- _Instructions to follow_: Each line of the records has to be copied exactly, though the pictures must be left out.

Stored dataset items
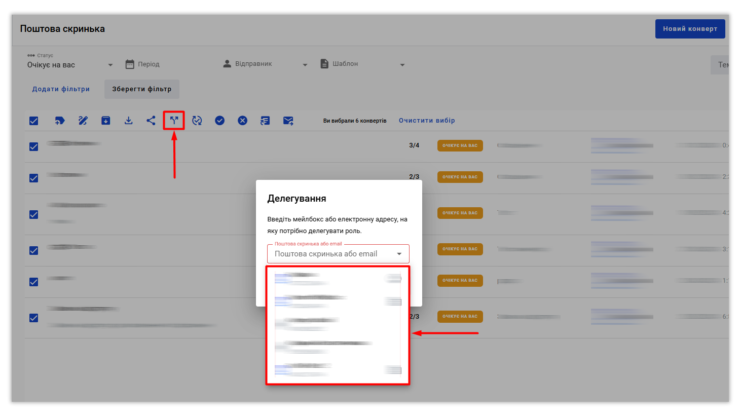 Додана можливість масово делегувати конверти, тепер така дія доступна у списку конвертів
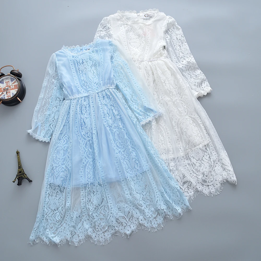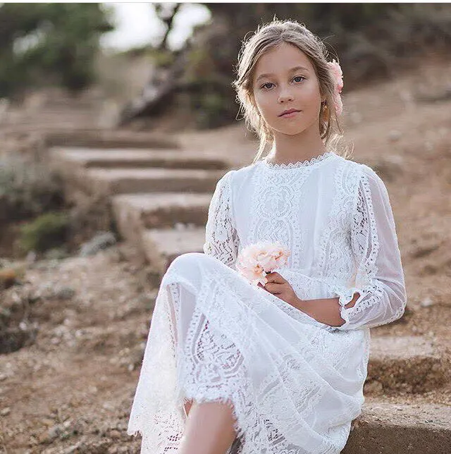 Special Offer 2019 nuevo vestido de moda para niñas, vestidos blancos de manga larga de encaje para niñas y niñas, ropa de boda para niñas, vestidos de noche para niñas Discount 29% Today!
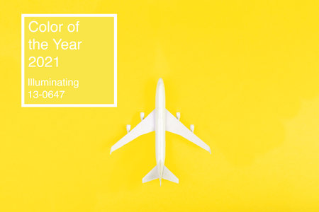 Travel minimal background. Model airplane in flight on an empty colored background. Copy space
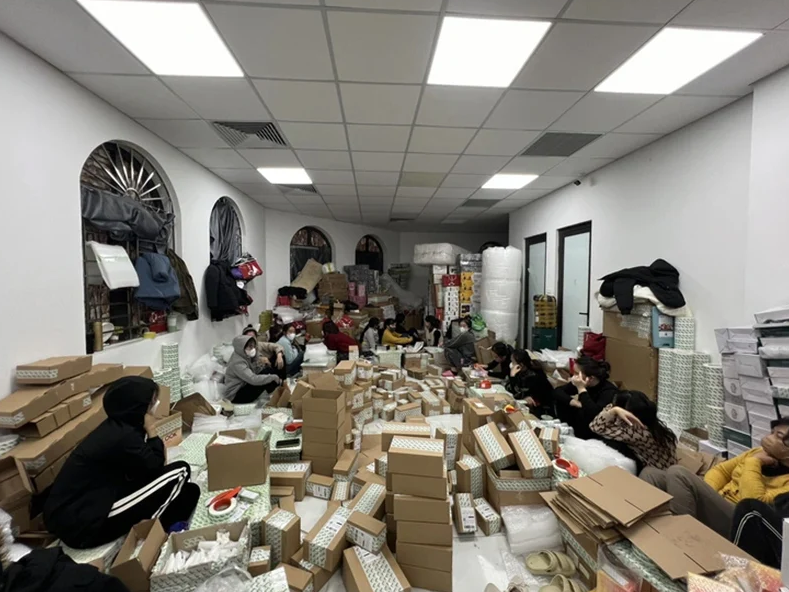 Kho hàng là một căn biệt thự 5 tầng, diện tích mỗi tầng rộng khoảng 100m2. Mọi ngóc ngách trong biệt thự đều được tận dụng để chứa hàng hóa. Trong kho hàng có chứa nhiều hàng hóa như mỹ phẩm, thực phẩm chức năng... có nguồn gốc từ nước ngoài. Ở thời điểm điểm kiểm tra, tại kho hàng có khoảng 50 nhân viên đang thực hiện công đoạn đóng gói sản phẩm.
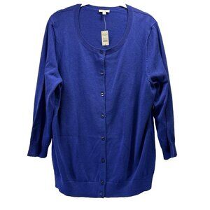 Talbots Women's Cardigan Size XL Royal Blue Button Up Long Sleeve 100% Cotton
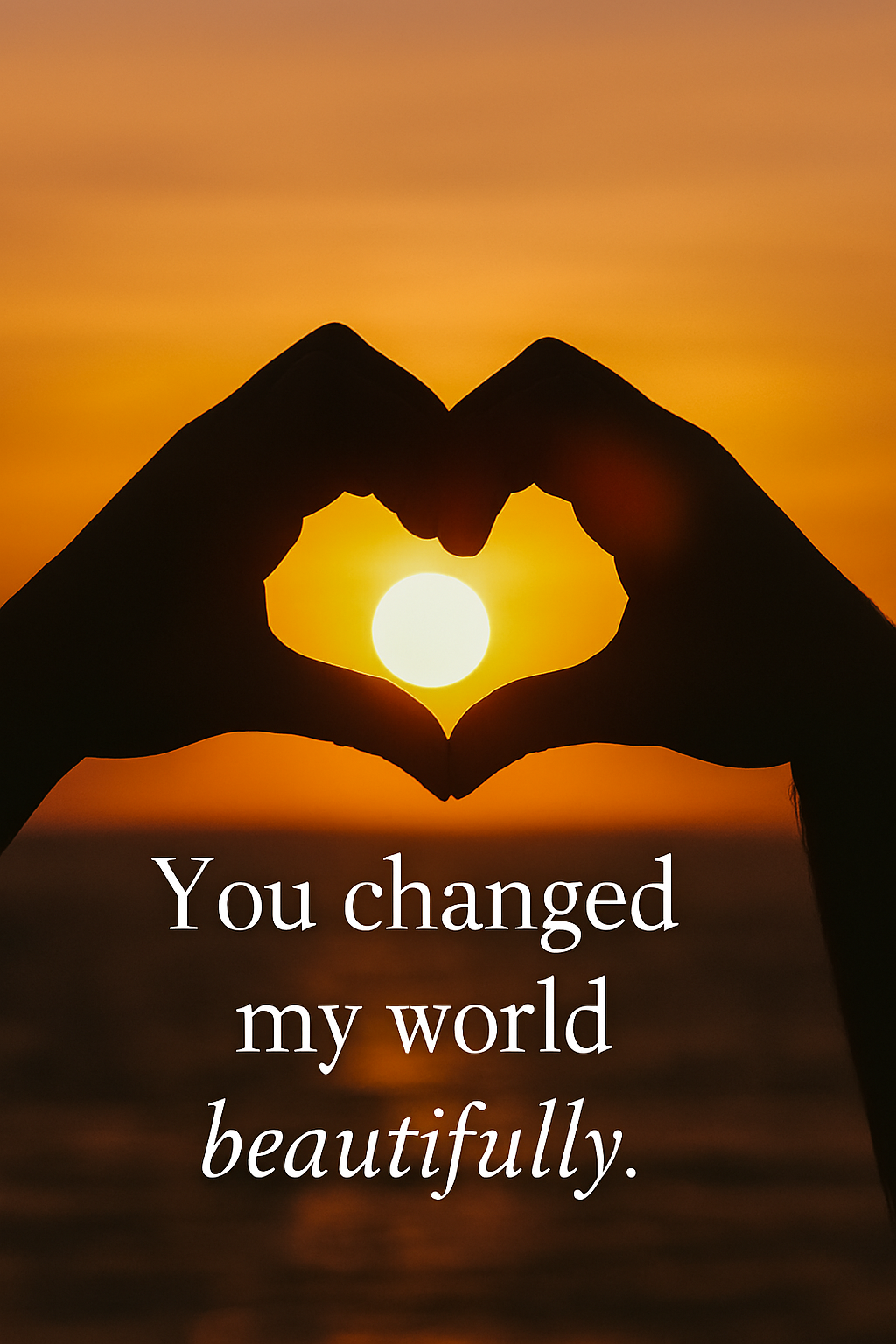 A sunset silhouette of two hands forming a heart — “You changed my world beautifully.”
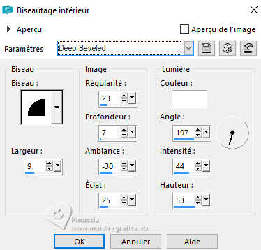 17. Effets>Effets 3D>Biseautage intérieur - sélectionner le preset Bevel_Deep Beveled
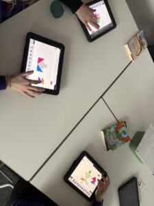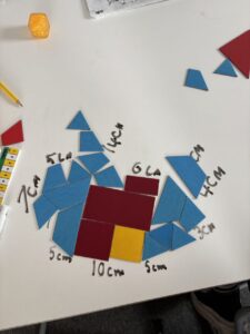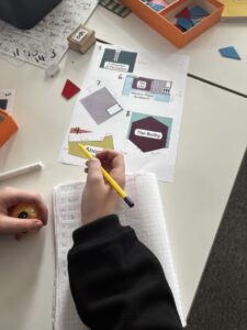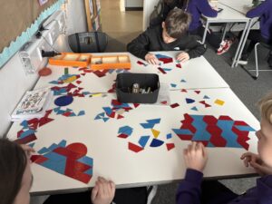 Maths stations: solving tangram puzzles, tessellating, completing symmetrical designs, drawing 2D shapes & discussing the properties of 3D shapes.
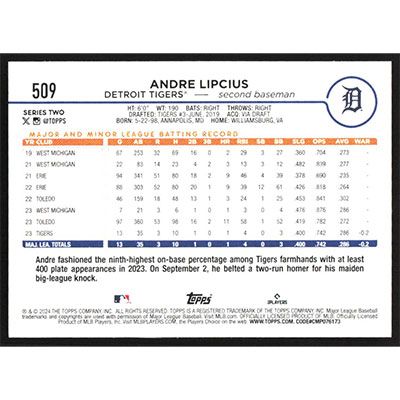 This is a 2024 Topps Andre Lipcius baseball card. The card is #509 and pictures show condition.
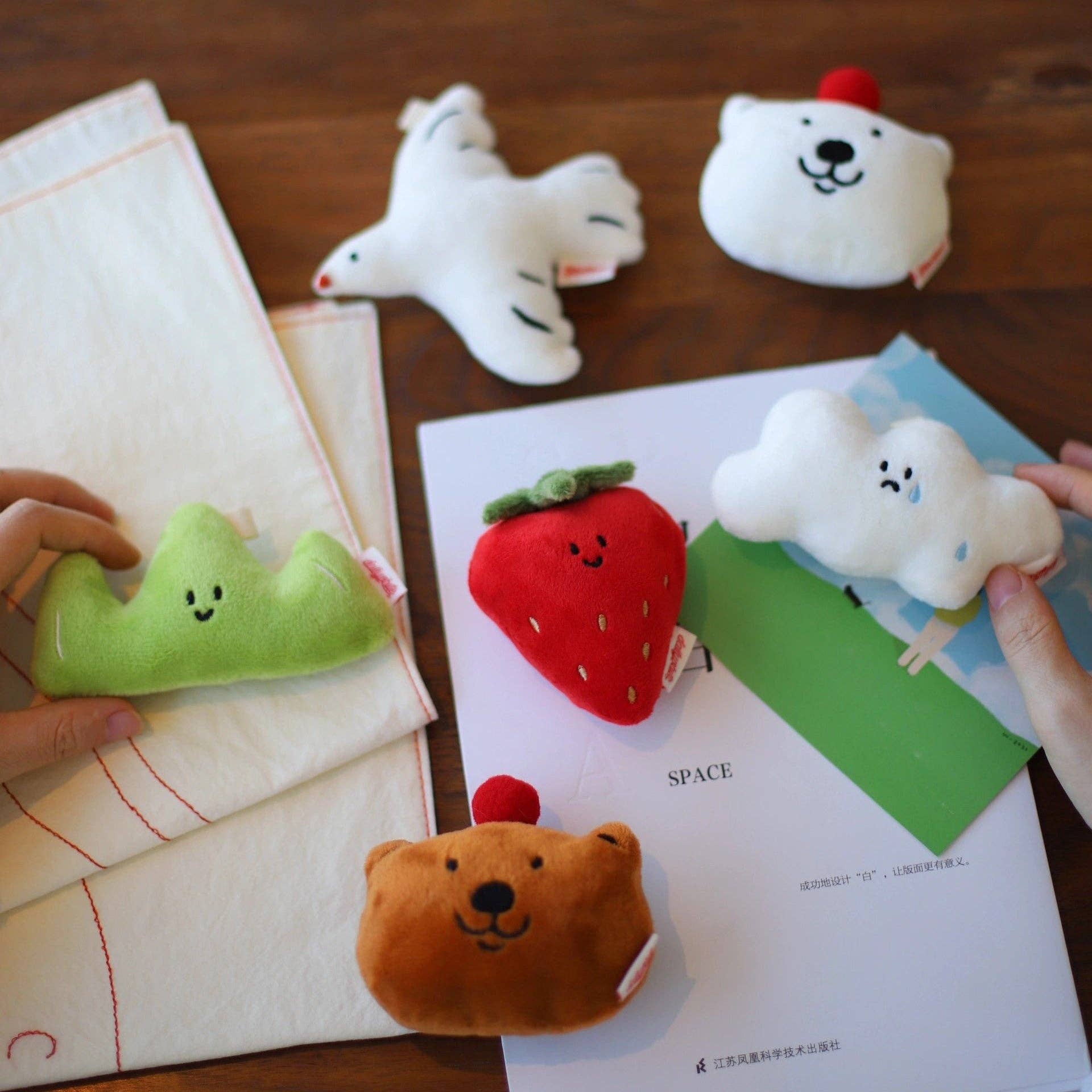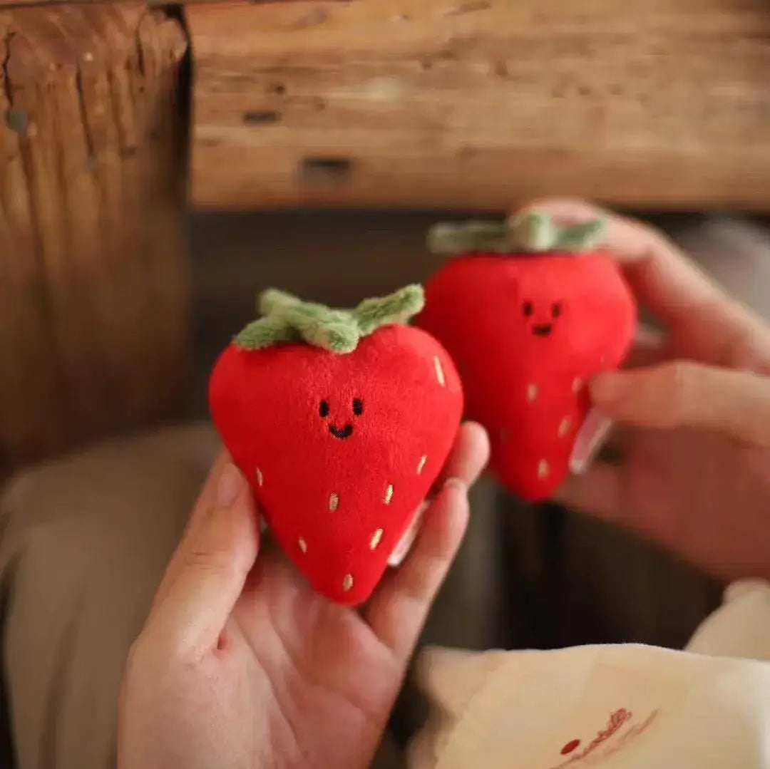 Looking for the perfect gift for a loved one or a charming addition to your plushie collection? This handmade strawberry plush is as sweet as can be! Featuring a soft, velvety red body, adorable embroidered face, and plush green leaves, this little strawberry is sure to bring a smile to your face.
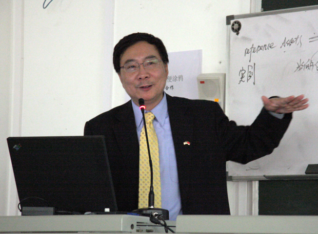在陈守仁经济管理大楼 4-3 ,顾黎辉博士向华大师生详细介绍了美国加州的高等教育系统 、加州大学( UC )系统、加州大学洛杉矶分校的基本情况以及洛杉矶地区三所 UC 学校的暑期海外英语学习项目等,并解答了学生就赴海外学习的相关问题。
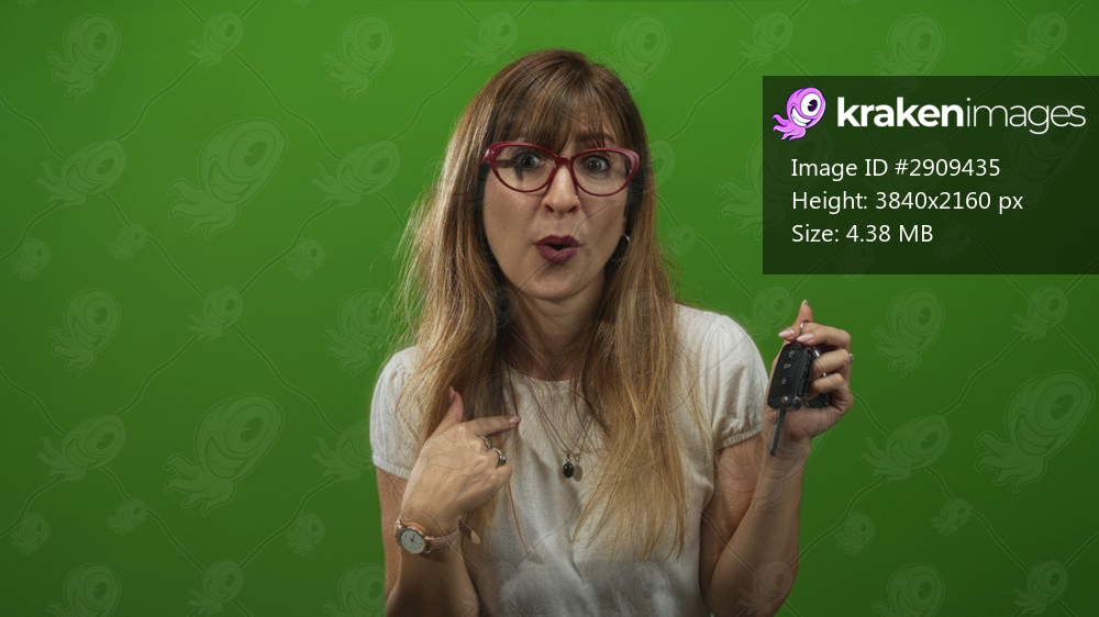 Woman holding car keys and pointing finger to chest while wearing red glasses and white shirt in green studio; surprise identity.
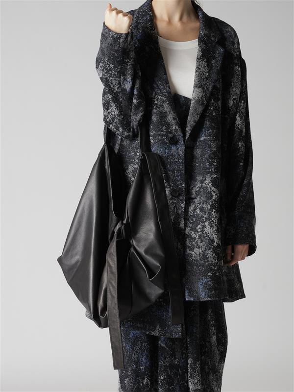 Soft, elegant leather tote using premium leather with trademark sheen. The design ensures beautiful drapery when hung over the shoulder. The bag feature allows adjustable silhouette via belt.
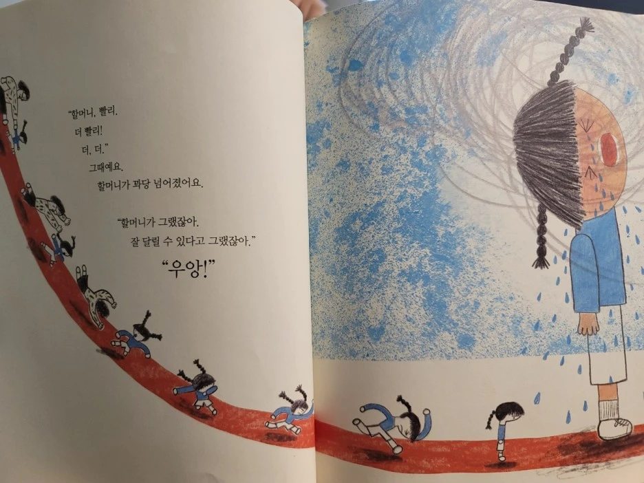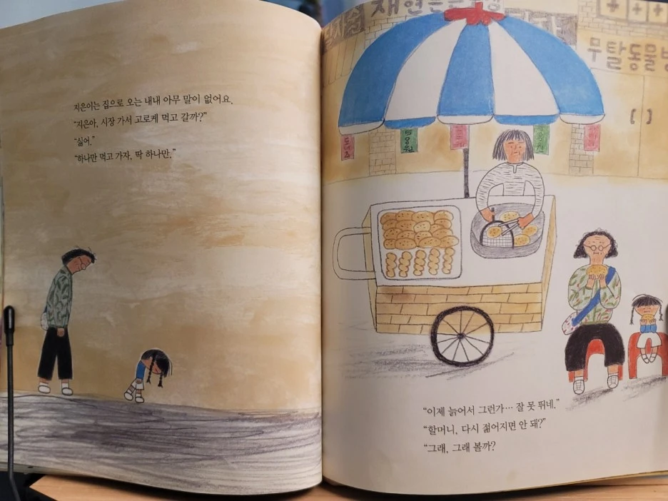이렇게 좋은 할머니 엄마가 있는데 손녀는 아직도 엄마가 고프다. 유치원 운동회에 엄마랑 갈 수 있을 줄 알았는데 회사 사정으로 할머니가 참여했다. 할머니는 자신이 엄마보다 운동을 잘했다며 큰 소리를 탕탕 쳤지만 달리기에서 넘어지고 만다. 손녀도 속상하고, 그 모습을 본 할머니 엄마는 더 속상하다. 그래도 할머니 엄마는 손녀 달래기의 고수. 시장에서 파는 고로케를 먹으며 둘은 속상한 마음을 달랜다. 둘이 고로케 먹는 모습이 어찌나 귀엽던지.
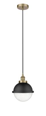 INNOVATIONS 616-1PH-AB-HFS-84-BK Edison 1 9 inch Multi Pendant Antique Brass. Style: Art Deco, Contemporary. Collection Name: Downtown Urban. Metal Finish(Body): Antique Brass. Metal Finish(Shade): Matte Black. Material: Steel, Cast Brass, Glass. Dimension(in): 12.5(H) x 9(W) x 9(Dia). Bulb: (1)60W Medium Base Incandescent(Not Included). Min/Max Height(Fixture Height with Shade,Cord or Included Stems & Canopy): 15.5/132.5. Voltage: 120. Dimmable: Yes. Color Temperature (Kelvin): 2200. Color Rendering Index (CRI): 99.9. Lumens: 220. Life Expectancy (Hours): 2000. Glass Shade Description: Matte Black Hampden 8" with Seedy glass. Glass Type: Transparent. Shade Shape: Globe/Orb. Glass or Metal Shade Color: Matte Black Hampden 8" with Seedy glass. Shade Material: Steel and Glass. Metal Shade Description: Matte Black Hampden 8" with Seedy glass. Shade Dimension(in): 9(W) x 8.5(H). Fitter Measurement (Glass Or Metal Shade Fitter Size): 3.25 inch Fitter. Sloped Ceiling Compatible: Yes. California Proposition 65 Warning Required: Yes. UL/ETL Certification Type: Damp Location.
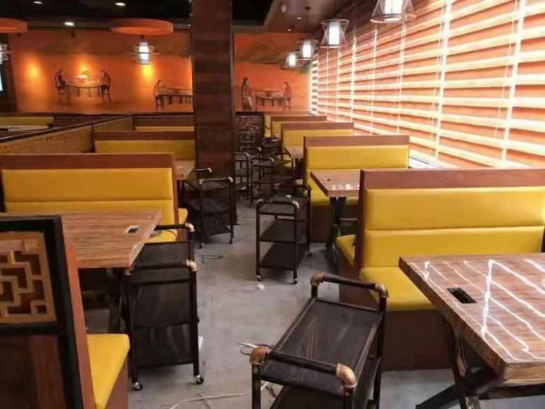 天水市蜀香一品火鍋桌椅卡座沙發(fā)交貨現(xiàn)場
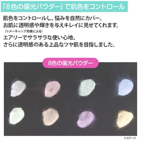 その秘密は配合された「8色の偏光パウダー」。肌色をコントロールし、悩みを自然にカバー。お肌に透明感や輝きを与えキレイに見せてくれます。(※メーキャップ効果による)

- _Written solution_:
 Додана можливість масово делегувати конверти, тепер така дія доступна у списку конвертів
 Special Offer 2019 nuevo vestido de moda para niñas, vestidos blancos de manga larga de encaje para niñas y niñas, ropa de boda para niñas, vestidos de noche para niñas Discount 29% Today!
 Travel minimal background. Model airplane in flight on an empty colored background. Copy space
 Kho hàng là một căn biệt thự 5 tầng, diện tích mỗi tầng rộng khoảng 100m2. Mọi ngóc ngách trong biệt thự đều được tận dụng để chứa hàng hóa. Trong kho hàng có chứa nhiều hàng hóa như mỹ phẩm, thực phẩm chức năng... có nguồn gốc từ nước ngoài. Ở thời điểm điểm kiểm tra, tại kho hàng có khoảng 50 nhân viên đang thực hiện công đoạn đóng gói sản phẩm.
 Talbots Women's Cardigan Size XL Royal Blue Button Up Long Sleeve 100% Cotton
 A sunset silhouette of two hands forming a heart — “You changed my world beautifully.”
 17. Effets>Effets 3D>Biseautage intérieur - sélectionner le preset Bevel_Deep Beveled
 Maths stations: solving tangram puzzles, tessellating, completing symmetrical designs, drawing 2D shapes & discussing the properties of 3D shapes.
 This is a 2024 Topps Andre Lipcius baseball card. The card is #509 and pictures show condition.
 Looking for the perfect gift for a loved one or a charming addition to your plushie collection? This handmade strawberry plush is as sweet as can be! Featuring a soft, velvety red body, adorable embroidered face, and plush green leaves, this little strawberry is sure to bring a smile to your face.
在陈守仁经济管理大楼 4-3 ,顾黎辉博士向华大师生详细介绍了美国加州的高等教育系统 、加州大学( UC )系统、加州大学洛杉矶分校的基本情况以及洛杉矶地区三所 UC 学校的暑期海外英语学习项目等,并解答了学生就赴海外学习的相关问题。
 Woman holding car keys and pointing finger to chest while wearing red glasses and white shirt in green studio; surprise identity.
 Soft, elegant leather tote using premium leather with trademark sheen. The design ensures beautiful drapery when hung over the shoulder. The bag feature allows adjustable silhouette via belt.
이렇게 좋은 할머니 엄마가 있는데 손녀는 아직도 엄마가 고프다. 유치원 운동회에 엄마랑 갈 수 있을 줄 알았는데 회사 사정으로 할머니가 참여했다. 할머니는 자신이 엄마보다 운동을 잘했다며 큰 소리를 탕탕 쳤지만 달리기에서 넘어지고 만다. 손녀도 속상하고, 그 모습을 본 할머니 엄마는 더 속상하다. 그래도 할머니 엄마는 손녀 달래기의 고수. 시장에서 파는 고로케를 먹으며 둘은 속상한 마음을 달랜다. 둘이 고로케 먹는 모습이 어찌나 귀엽던지.
 INNOVATIONS 616-1PH-AB-HFS-84-BK Edison 1 9 inch Multi Pendant Antique Brass. Style: Art Deco, Contemporary. Collection Name: Downtown Urban. Metal Finish(Body): Antique Brass. Metal Finish(Shade): Matte Black. Material: Steel, Cast Brass, Glass. Dimension(in): 12.5(H) x 9(W) x 9(Dia). Bulb: (1)60W Medium Base Incandescent(Not Included). Min/Max Height(Fixture Height with Shade,Cord or Included Stems & Canopy): 15.5/132.5. Voltage: 120. Dimmable: Yes. Color Temperature (Kelvin): 2200. Color Rendering Index (CRI): 99.9. Lumens: 220. Life Expectancy (Hours): 2000. Glass Shade Description: Matte Black Hampden 8" with Seedy glass. Glass Type: Transparent. Shade Shape: Globe/Orb. Glass or Metal Shade Color: Matte Black Hampden 8" with Seedy glass. Shade Material: Steel and Glass. Metal Shade Description: Matte Black Hampden 8" with Seedy glass. Shade Dimension(in): 9(W) x 8.5(H). Fitter Measurement (Glass Or Metal Shade Fitter Size): 3.25 inch Fitter. Sloped Ceiling Compatible: Yes. California Proposition 65 Warning Required: Yes. UL/ETL Certification Type: Damp Location.
 天水市蜀香一品火鍋桌椅卡座沙發(fā)交貨現(xiàn)場
 その秘密は配合された「8色の偏光パウダー」。肌色をコントロールし、悩みを自然にカバー。お肌に透明感や輝きを与えキレイに見せてくれます。(※メーキャップ効果による)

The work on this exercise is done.